Lab: Hadoop Streaming

Start an Amazon Elastic MapReduce (EMR) Cluster using Quickstart with the following setup:
- In General Configuration
  - Give the cluster a name that is meaningful to you
  - Un-check Logging
  - Make sure that Cluster is selected, NOT Step execution
- In Software configuration
  - Select emr-5.20.0 Release from the drop-down
  - Select the first option under Applications
- In Hardware configuration
  - Select m4.large as instance types
  - Enter 3 for number of instances (1 master and 2 core nodes)
- In Security and access
- Select your correct EC2 keypair or you will not be able to connect to the cluster
- Leave everything else the same
- Click Create Cluster, and wait...
Once the cluster is up and running and in "waiting" state, ssh into the master node: ssh hadoop@[[master-node-dns-name]]
Install git on the master node: sudo yum install -y git
Clone this repository to the master node. Note: since this is a public repository you do can use the http GitHub URL: https://github.com/bigdatateaching/lab-hadoop-streaming.git
Change directory into the lab: cd lab-hadoop-streaming
In this example, you will run a simulated MapReduce job on a text file. We say simulated because you will not be using Hadoop to do this but rather a combination of command line functions and pipes that resemble what happens when you run a Hadoop Streaming job on a cluster on a large file. Page 50 of the book shows an example of how to test your mapper and reducer.

There is a file in this repository called shakespeare.txt which contains all of William Shakespeare's works in a single file. There are also two Python files: a mapper called basic-mapper.py and a reducer called basic-reducer.py. Open the files and look at the code so you get familiar with what is going on.

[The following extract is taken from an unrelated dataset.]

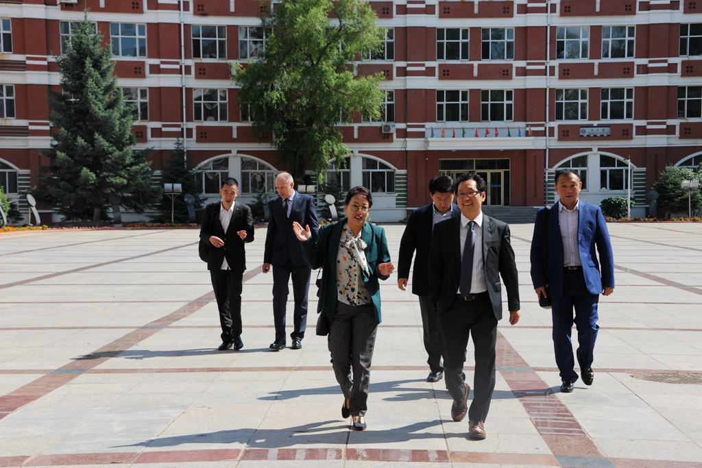 会谈后俄罗斯联邦驻华大使馆基先科先生和甘茹罗夫先生一行在国际交流合作处(国际教育学院)处长(院长)张坤的陪同下参观了校史馆和校园。
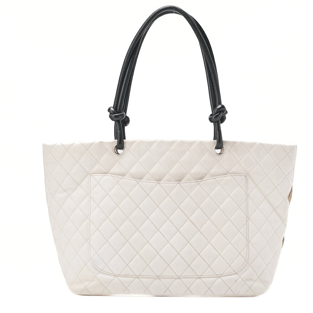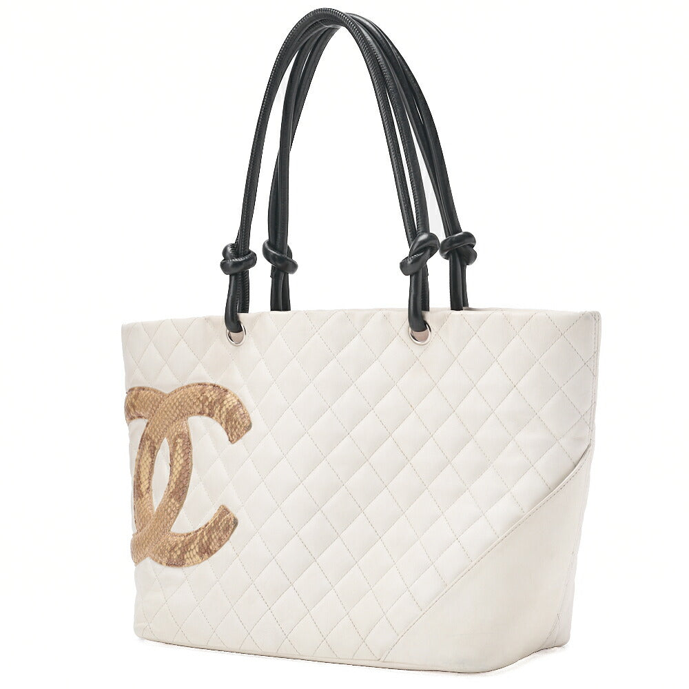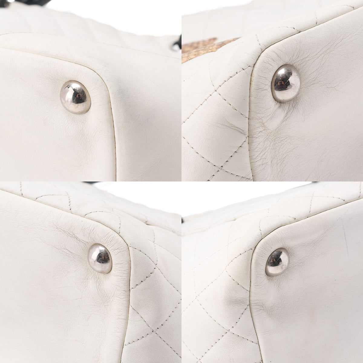 Indulge in the elegance of the CHANEL Chanel Cambon Line Matelasse Calfskin Python White Tote Bag featuring luxurious silver fittings. This exquisite women's tote is not just a bag; it's a statement piece that embodies sophistication and timeless style.

Using Linux pipes, you will pipe the file into the mapper which produces a (key, value) pair in the form of word\t1. The \t is a tab character.

The output from the mapper is then piped into the sort command, which takes all of the mapper output and sorts it by key.

The output of the sort is piped into the reducer, which totals up the sum, by, key.
- Try just the mapper: cat shakespeare.txt | ./basic-mapper.py and see the output
- Now add the sort command: cat shakespeare.txt | ./basic-mapper.py | sort
- Now add the reducer: cat shakespeare.txt | ./basic-mapper.py | sort | ./basic-reducer.py
- If you want to save the output to a file, just add a redirect and filename to the end of the string of commands: cat shakespeare.txt | ./basic-mapper.py | sort | ./basic-reducer.py > shakespeare-word-count.txt
This process simulates what happens at scale when running a Hadoop Streaming job on a a larger file. This was a linear process. When run at scale, the following is happening:
- Every block of input data is piped through the mapper program, so you will have a mapper task per block
- After all the map processes are done, the Shuffle and Sort part of the Hadoop framework is performing one large sort operation.
- Many keys are sent together to a single reduce process. There is a guarantee that all the records with the same key are sent to the same reducer. A single reducer program will process multiple keys.
Now let's run an actual Hadoop Streaming job, using this mapper and reducer but on a relatively larger dataset. We have compiled the entire Project Gutenberg collection, a set of over 50,000 ebooks in plain text files, into a single file on S3 - s3://bigdatateaching/gutenberg-single-file.txt. This is single, large, text file with approximately 700 million (yes, million) lines of text, and about ~30GB in size.

For the purposes of this lab, you will work with a subset of the file, the first 25 million lines in a file that is about ~1.3GB, for the sake of speed. You will run a Hadoop Streaming job to do run the word count mapper and reducer to gain experience using Hadoop Streaming.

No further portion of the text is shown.